Python has a lot of libraries included and Anaconda pre-installs lots of useful libraries for you to use. But if you want to be 100% sure, you might want to install the libraries that you need. Luckily, this is just one line of code for you! 

The only decision you have to make is if you want to use [conda](https://docs.conda.io/en/latest/) (Anaconda's package manager) or [pip](https://pypi.org/project/pip/) (Python's default package manager). Regardless of what you choose, it is as simple as the code snippets bellow.

<em>Please note the exclamation mark at beginning of the line tells Jupyter that the coming line is not a Python command, but rather a terminal command. In Python, packages are installed in the command line.</em> **Warning**: The exclamation mark is not a Python feature, this is a Jupyter feature (it is one of the so-called Jupyter Magic commands).
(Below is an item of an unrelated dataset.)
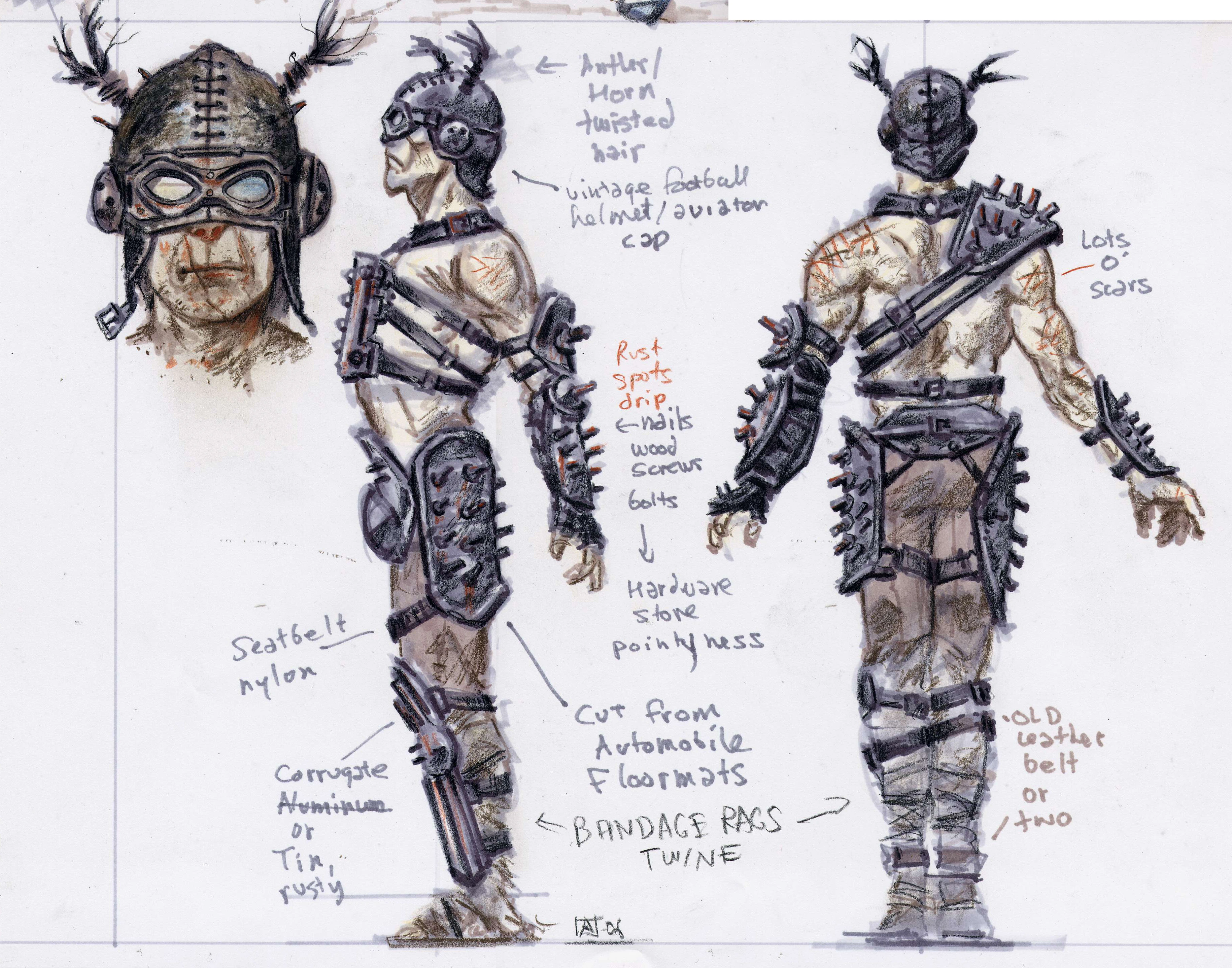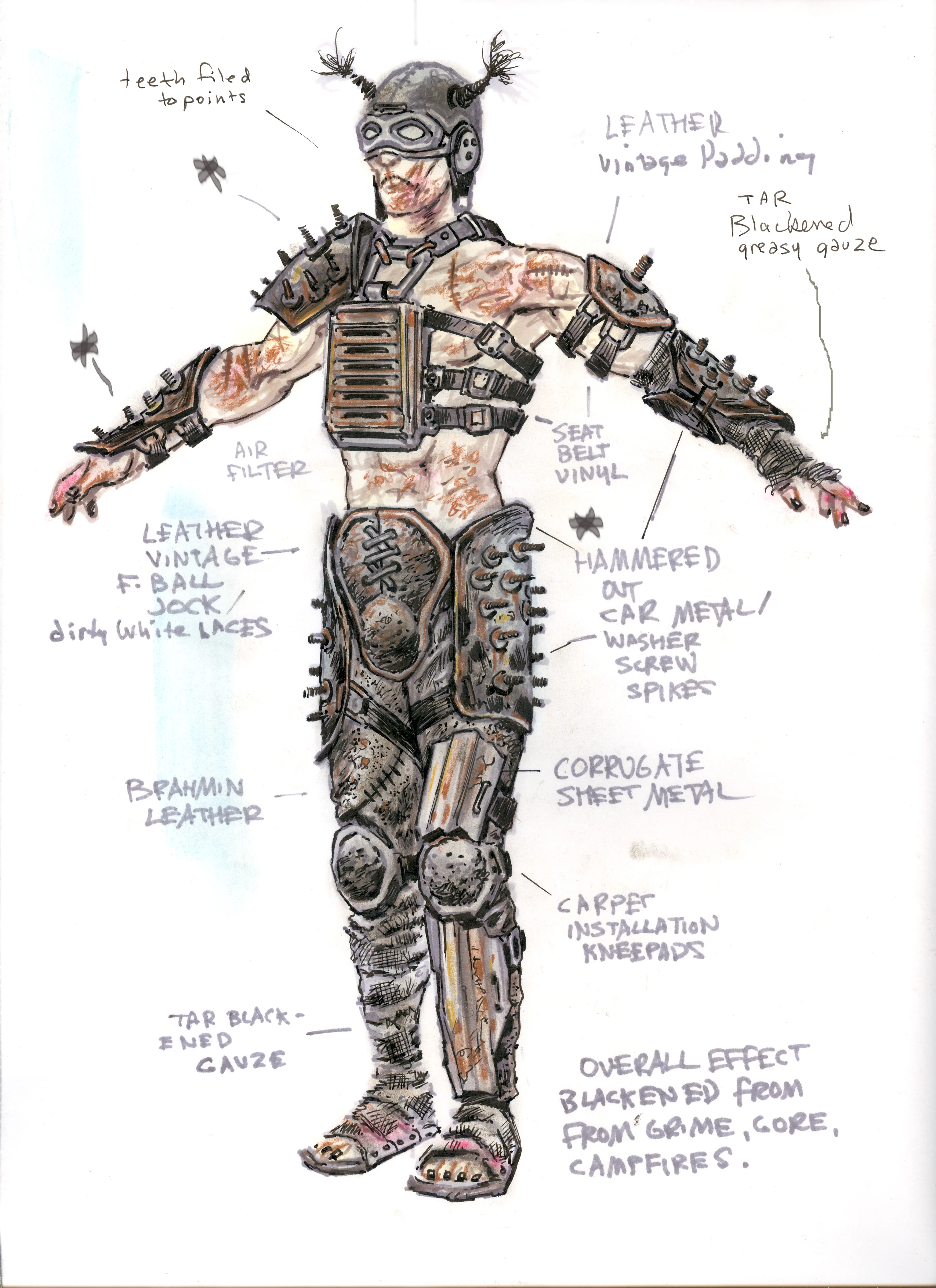 This suit of armor has been cobbled together from salvaged car parts and elements of vintage football gear. The spiked plates protecting the shoulder and thighs are in reality automobile floor mats, with rusty nails and wood screws driven through them to deter attackers. Limbs are protected by fragments of corrugated aluminium held together by nylon seatbelts, while the torso is barely covered by a salvaged metal grill. This rather random assortment of defensive elements is complemented by a football groin protector and two carpet installation kneepads. The suit is typically worn with a raider psycho-tic helmet.

If you are curious about other Jupyter magic commands, check the documentation [here](https://ipython.readthedocs.io/en/stable/interactive/magics.html#magic-system). 

In [None]:
# Installing packages using PIP
!pip install pandas

# Installing packages using CONDA
!conda install pandas

## How to load libraries?
Once the libraries have been installed in your computer, you need to import them to use them in your code. There are multiple options for importing code, but these are the most common. 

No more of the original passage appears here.